Piero Scaruffi(Copyright © 2013 Piero Scaruffi | Legal restrictions )
These are excerpts and elaborations from my book "The Nature of Consciousness"
The Origin of Evolution
Fundamental to Gregor Mendel's theory is the distinction between the appearance of an organism (its "phenotype"), which turns out to be a blend of the appearances of its parents, and the physical state of the factors inherited from each parent (the "genotype"), which remain unmixed. The physiology of development fuses, at the level of the whole organism, the information of heredity, which is still kept separated at the genetic level. The two fundamental laws of heredity are that, first, the factors that are passed from parent to offspring (which today we call "genes") maintain their individuality despite their interaction with other genes in the development of the organism, and that, second, gene segregation allows for the reappearance of a variation in later generations of offspring. From these considerations Mendel had the intuition that heredity is based on a discrete (rather than continuous) entity, just like Physics is based on elementary particles. That entity was the gene. What is truly inherited is not the "traits": it is the genes.

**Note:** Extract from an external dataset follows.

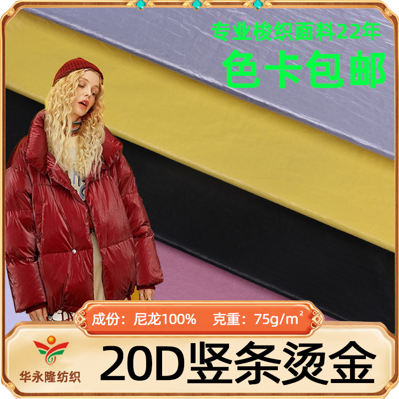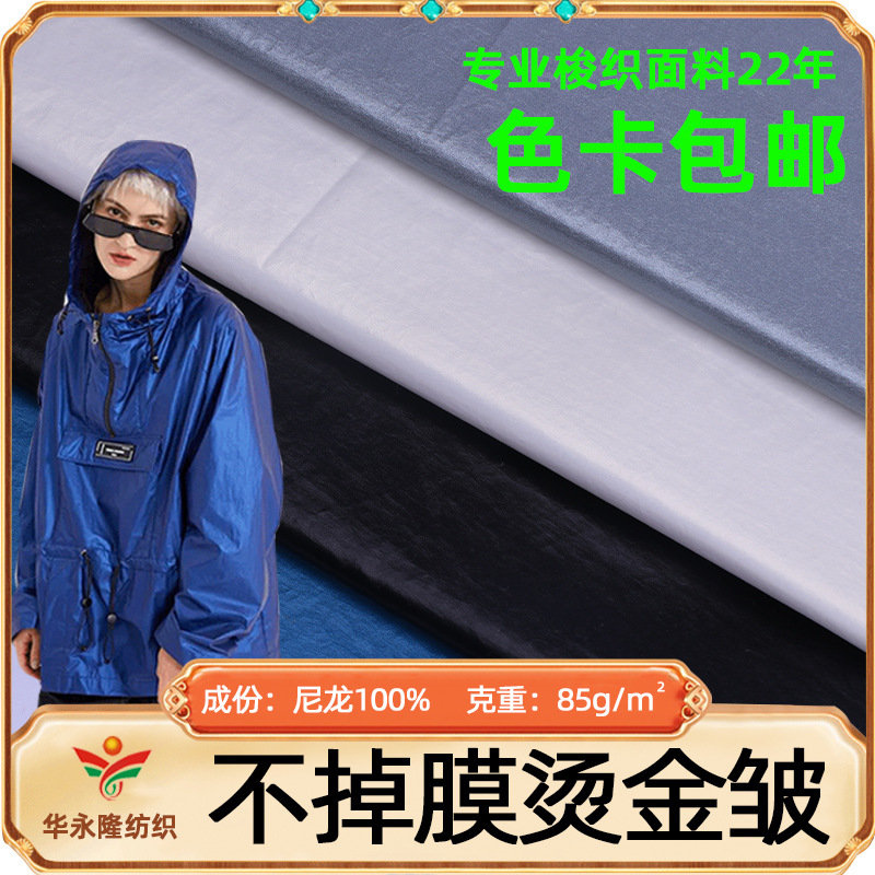 工場直販70dナイロン金属膜箔押しシワが落ちない膜生地風衣ダウンジャケット綿服生地現物

(Darwin, incidentally, believed that traits were transmitted from parent to offspring through blood).
Mendel also found that new variation will not be diluted by the process of mating but will always be available for selection, a fact that explains why a population variation is not immediately destroyed by selection itself. The antithetical properties of heredity and variation are dual aspects of the same process: the actual variation among members of the same generation explains the transmission of similarity across generations.
In our century, population genetics showed that Darwin's theory (that change occurred by the natural selection of many minute variations) and Mendel's theory (that change occurred suddenly, by mutation) were complementary: changes occur in the frequencies of genes.
Modern evolutionary genetics stems from the merging of those two traditions, the Darwinian and the Mendelian, both of which take variation as the crucial aspect of life. The Darwinian view can be summarized as "evolution is the conversion of variation between individuals into variation between species".
The paradox is that Mendelian theory dictates the frequencies of genotypes as the appropriate genetic description of a population, whereas variation is much more important. As the US biologist Richard Lewontin put it, "what we can measure is uninteresting and what we are interested in is unmeasurable".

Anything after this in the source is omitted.